17 Desa di Konawe Diabaikan Pemerintah, Ada apa?

  • Bagikan
Kepala Bidang Otonomi Daerah dan Konstitusi Projo Konawe, Abiding Slamet (foto: Mas Jaya / SULTRAKINI.COM)

SULTRAKINI.COM: KONAWE – Nasib 17 desa pemekaran baru di Konawe hingga kini belum jelas. Pemerintah seolah lepas tangan dengan tidak berupaya memberikan Alokasi Dana Desa (ADD) dan juga pengusulan Dana Desa (Dana Desa) untuk desa-desa tersebut.

Temuan itu diungkap Projo Konawe baru-baru ini. Kepala Bidang Otonomi Daerah dan Konstitusi Projo Konawe, Abiding Slamet mengatakan, pemekaran 17 desa tahun 2017 lalu itu teridentifikasi belum ada Peraturan Daerahnya (Perdanya). Baru sebatas persetujuan di DPRD. Padahal, desa-desa tersebut dikatakan telah defenitif.
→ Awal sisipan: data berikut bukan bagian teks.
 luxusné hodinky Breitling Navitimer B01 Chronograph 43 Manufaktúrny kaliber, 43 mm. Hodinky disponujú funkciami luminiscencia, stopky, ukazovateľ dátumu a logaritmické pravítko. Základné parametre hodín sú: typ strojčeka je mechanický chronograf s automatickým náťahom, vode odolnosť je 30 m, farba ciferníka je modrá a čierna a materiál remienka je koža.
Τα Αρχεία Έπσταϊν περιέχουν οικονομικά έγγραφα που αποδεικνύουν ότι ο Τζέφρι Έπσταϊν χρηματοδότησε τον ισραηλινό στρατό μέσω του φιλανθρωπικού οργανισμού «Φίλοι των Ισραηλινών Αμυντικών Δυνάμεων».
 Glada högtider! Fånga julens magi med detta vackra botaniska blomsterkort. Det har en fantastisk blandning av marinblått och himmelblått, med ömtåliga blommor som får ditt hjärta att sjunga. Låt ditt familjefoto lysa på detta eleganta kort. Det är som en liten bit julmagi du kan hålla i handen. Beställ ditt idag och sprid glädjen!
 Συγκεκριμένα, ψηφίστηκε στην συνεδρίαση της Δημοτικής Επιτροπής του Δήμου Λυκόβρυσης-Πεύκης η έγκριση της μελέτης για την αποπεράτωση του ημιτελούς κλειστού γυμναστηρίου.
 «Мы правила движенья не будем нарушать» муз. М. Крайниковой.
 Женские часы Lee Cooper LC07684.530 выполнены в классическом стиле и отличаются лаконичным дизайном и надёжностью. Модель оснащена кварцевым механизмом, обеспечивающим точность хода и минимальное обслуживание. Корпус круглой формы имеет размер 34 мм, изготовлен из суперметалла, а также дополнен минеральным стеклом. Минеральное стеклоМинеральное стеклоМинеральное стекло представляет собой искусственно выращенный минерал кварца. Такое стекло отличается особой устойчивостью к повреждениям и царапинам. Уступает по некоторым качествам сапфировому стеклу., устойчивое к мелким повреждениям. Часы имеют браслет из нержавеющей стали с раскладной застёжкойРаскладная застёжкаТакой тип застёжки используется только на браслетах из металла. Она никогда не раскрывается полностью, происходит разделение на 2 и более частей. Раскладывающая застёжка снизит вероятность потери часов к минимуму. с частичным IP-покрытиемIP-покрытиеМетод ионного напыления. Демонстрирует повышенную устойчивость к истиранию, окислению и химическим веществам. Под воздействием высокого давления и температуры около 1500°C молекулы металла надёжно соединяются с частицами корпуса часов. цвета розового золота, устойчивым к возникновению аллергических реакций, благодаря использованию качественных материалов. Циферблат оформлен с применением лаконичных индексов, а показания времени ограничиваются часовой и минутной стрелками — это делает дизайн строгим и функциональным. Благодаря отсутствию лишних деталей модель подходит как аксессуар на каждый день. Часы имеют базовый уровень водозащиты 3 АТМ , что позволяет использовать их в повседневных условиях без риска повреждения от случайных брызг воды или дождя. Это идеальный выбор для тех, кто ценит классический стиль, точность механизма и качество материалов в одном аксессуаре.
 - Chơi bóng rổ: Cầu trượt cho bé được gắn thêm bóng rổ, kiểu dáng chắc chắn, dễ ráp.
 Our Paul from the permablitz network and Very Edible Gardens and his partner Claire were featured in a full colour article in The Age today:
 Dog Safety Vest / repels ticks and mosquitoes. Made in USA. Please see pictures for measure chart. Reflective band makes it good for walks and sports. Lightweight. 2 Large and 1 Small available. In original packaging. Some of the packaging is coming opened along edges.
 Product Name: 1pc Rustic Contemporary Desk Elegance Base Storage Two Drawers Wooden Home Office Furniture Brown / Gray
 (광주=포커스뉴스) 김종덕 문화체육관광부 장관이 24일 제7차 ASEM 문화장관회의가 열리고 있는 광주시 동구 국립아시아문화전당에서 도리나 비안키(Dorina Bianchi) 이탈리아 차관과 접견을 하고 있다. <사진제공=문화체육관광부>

Akibat proses pemekaran yang dianggap tidak prosedural itu, nasib 17 desa tersebut hingga kini tidak jelas. ADD dan DD yang semestinya dapat diterima oleh desa yang menyandang status defenitif itu, hingga kini masih nihil.
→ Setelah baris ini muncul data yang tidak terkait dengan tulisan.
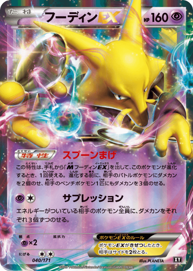 Kinesisこの特性は、手札から「<span class="pcg pcg-megamark"></span>フーディンEX」を出して、このポケモンが進化するとき、1回使える。進化する前に、相手のバトルポケモンにダメカンを2個のせ、相手のベンチポケモン1匹にもダメカンを3個のせる。
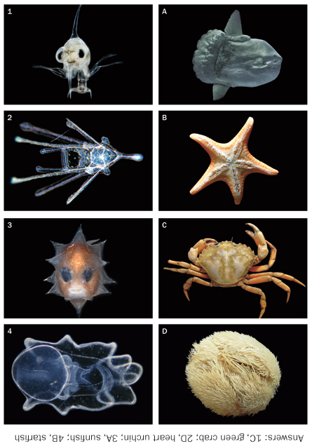 Many marine youths look nothing like their adult forms, which makes it difficult for scientists to identify the larvae. In some cases, larvae of different but related species look so much alike that few, if any, biologists can tell them apart. Try your hand at matching the larval creatures below (on the left) with their adult counterparts (on the right). Answers can be found below the images, upside down.
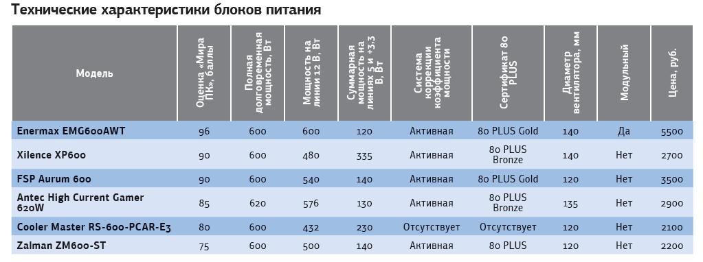 Здесь представлены шесть блоков питания мощностью по 600 Вт. На наш взгляд, такое номинальное значение мощности является оптимальным для настольного ПК. С одной стороны, эти БП способны выдержать нагрузку топовой конфигурации с производительной видеоплатой, а с другой — достаточно просты в изготовлении, да и цены на них невысоки. Испытанные нами блоки произведены известными компаниями Zalman, FSP, Enermax, CoolerMaster и др.
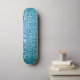 A blue skateboard with ancient hieroglyphs engraved on stone. Super cool.
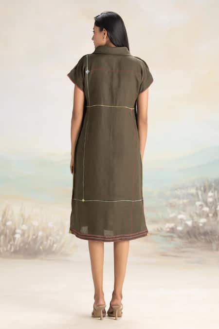 Avocado linen dress featuring a round roll collar and extended sleeves
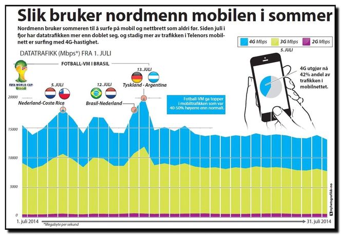 I juli formidlet Telenor i gjennomsnitt 15 gigabyte med data hvert sekund over mobilnettet.
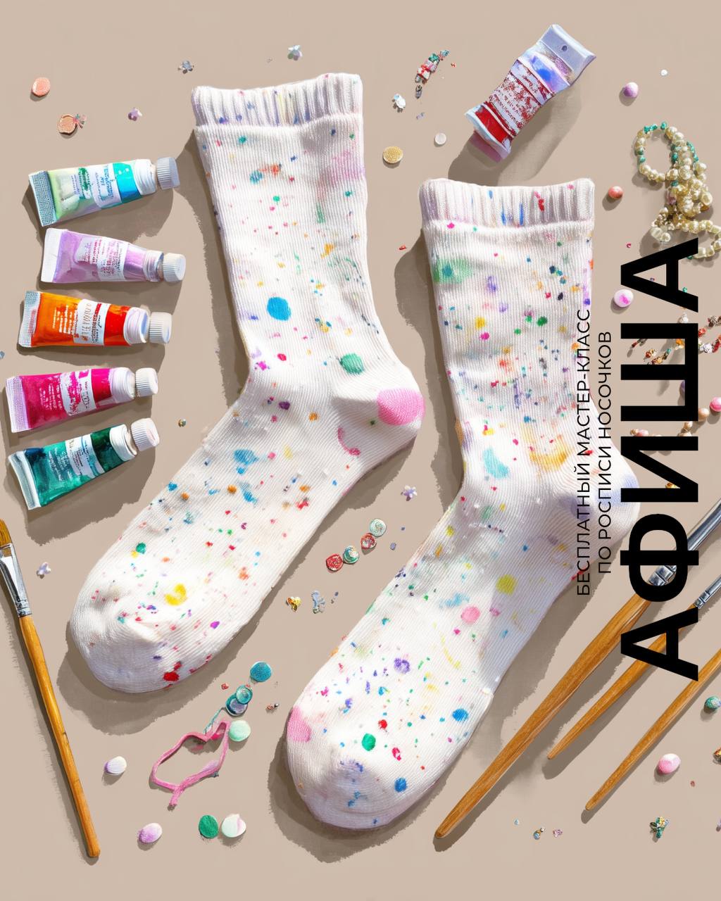 С помощью кисточек и красок будем вместе превращать обычные белые носки в произведение искусства. Модно, эксклюзивно и очень весело!
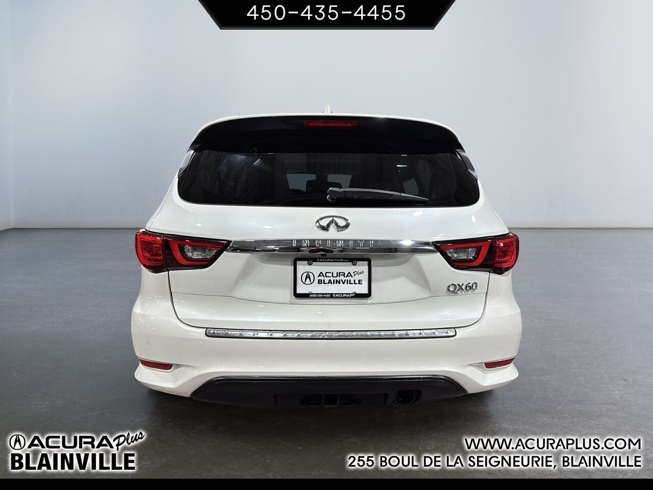 Ce INFINITI QX60 2018 est disponible chez Acura Plus à Blainville. Contactez notre équipe des ventes ou venez nous visiter au 255 Bd de la Seigneurie O pour obtenir plus d'informations, en faire l'essai ou le réserver.
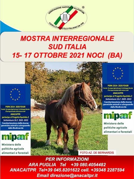 Organizzata nell’ambito di CAVALLI DI PUGLIA, il prossimo fine settimana sarà il momento della Mostra Interregionale Sud Italia del CAITPR che chiuderà il ciclo di manifestazioni autunnali di ANACAITPR che ha preso avvio ai primi di settembre e che precede il grande appuntamento di Fieracavalli dove la Razza celebrerà l’edizione 2021 della Mostra Nazionale e la Vetrina nazionale della Biodiversità 2021.
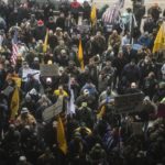 “He’s a traitor. He’s a coward. He’s a commie,” protesters yelled.
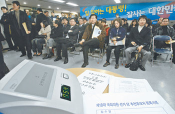 이날 여의도 당사 주변은 장사진을 이뤘다. 수백 명의 공천 신청자와 측근 지지자들이 한꺼번에 몰려들어 늦은 밤까지 순서를 기다리느라 인근 식당과 커피숍은 빈자리가 없을 정도였다. 14명의 당직자가 접수 업무에 매달렸지만 밀려오는 공천신청 대열을 감당하기엔 턱없이 부족했다.
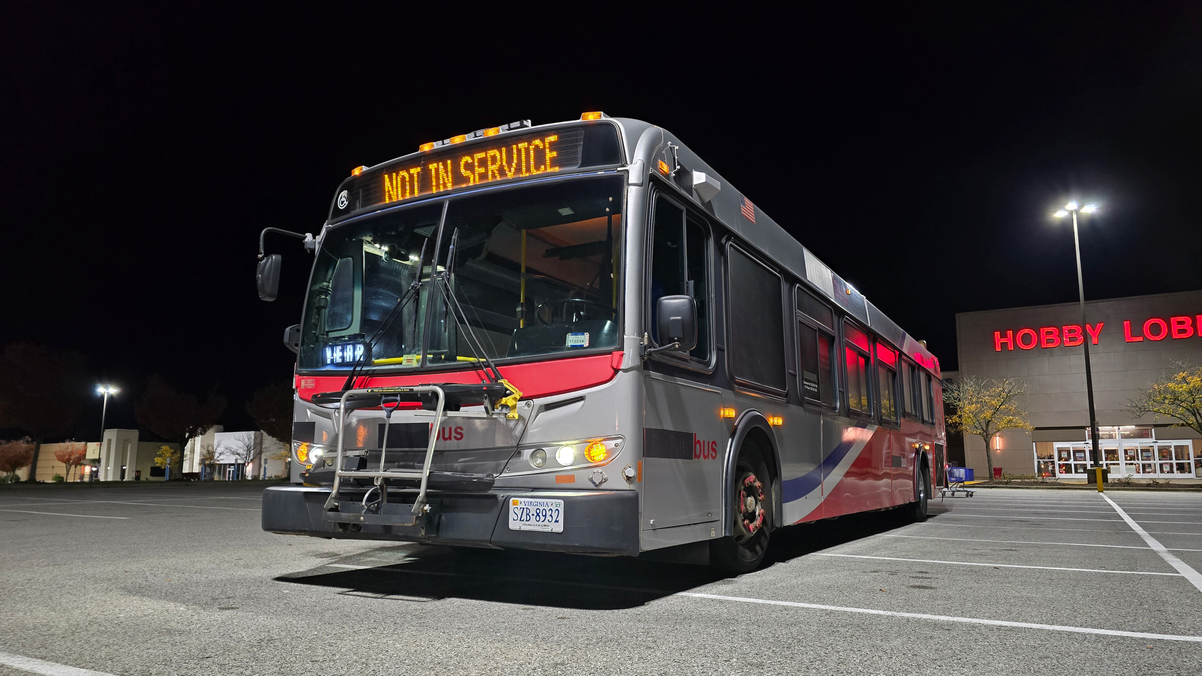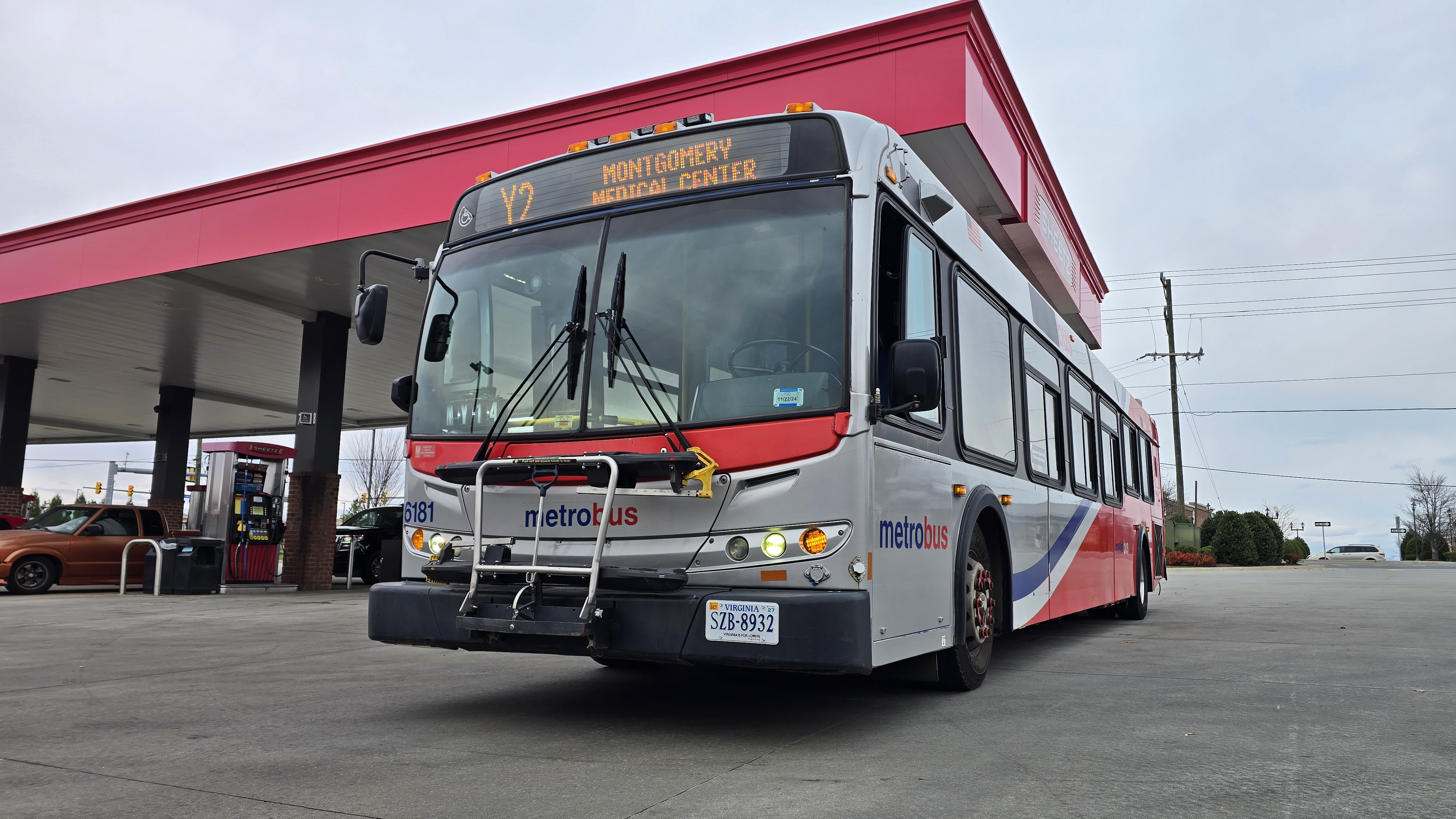 This year, I spent my Thanksgiving on the road, volunteering my time and money for Commonwealth Coach & Trolley, a Roanoke-based museum that owns a collection of vintage vehicles, largely transit buses.  Along with Elyse, I serve on the museum’s board of directors.  On this particular occasion, I was transporting a recent acquisition down to its permanent home in Roanoke.  This was a former WMATA unit, bus 6181, a 2006 New Flyer D40LFR, which Metro donated to the museum in February of this year.  After the museum received the bus (I had no involvement in the donation process), I helped coordinate and fund a repair on a leaking coolant pipe, and I also took care of titling and registration.  Once I got the bus registered, I took it on a quick test drive, running it up Route 1 from the parking lot in College Park where the museum had been keeping it up to Laurel, just to make sure that I was confident in its performance:

“Desa-desa yang sudah dimekarkan namun hingga kini belum diperhatikan pemerintah itu antara lain, Desa Laloato dan Desa Tonganggura di Kecamatan Anggotoa. Dan Desa Watumolomba di Kecamatan Besulutu,” jelasnya.

Lebih jauh Abiding merinci, 17 desa tersebut tersebar di Kecamatan Anggotoa sebanyak 8 desa, Soropia 3 desa, Latoma 2 desa, serta Kecamatan Sampara dan Besulutu masing-masing 1 desa.

Abiding menilai, pemekaran desa-desa tersebut dari awal sudah tidak sesuai aturan. Dari jumlah penduduk misalnya, tidak ada yang memenuhi kriteria pemerakan desa baru. Aturannya, setiap desa baru yang mekar harus memiliki minimal 400 kepala keluarga atau 2000 jiwa.

“Sementara yang terjadi di lapangan, desa-desa ini memiliki jumlah KK (kepala keluarga, red) di bawah seratus. Bahkan ada yang hanya 27 KK saja. Ini kan dari awal sudah salah,” terang Abiding.

Semestinya lanjut Abiding, proses pemekaran desa itu melalui berbagai tahap. Pertama harus ada rapat ditingkat desa terlebih dahulu. Lalu, hasilnya dibawa ke kecamatan untuk dikaji. Selanjutnya, akan ditelaah di Dinas Pemberdayaan Masyarakat Desa (DPMD).

“Kemudian dibentuk tim pemekaran desa persiapan. Setelah itu dibuatkan Perda persiapannya. Kalau dilihat sudah layak, maka dibentuklah tim lintas sektoral untuk mengurus masalah pemekaran. Ini kami lihat ada prosedur yang diabaikan. Akibatnya seperti ini. Menjadi desa yang terbaikan,” terangnya lagi.

Abiding menegaskan, jika pemerintah tidak memperhatikan desa baru tersebut, sebaiknya dikembalikan di desa induknya saja. Agar desa-desa tersebut bisa menerima manfaat ADD dan DD.

“Kalau dibiarkan menggantung, dikembalikan saja ke desa induk. Dari awal memang tidak layak dimekarkan,” tandasnya.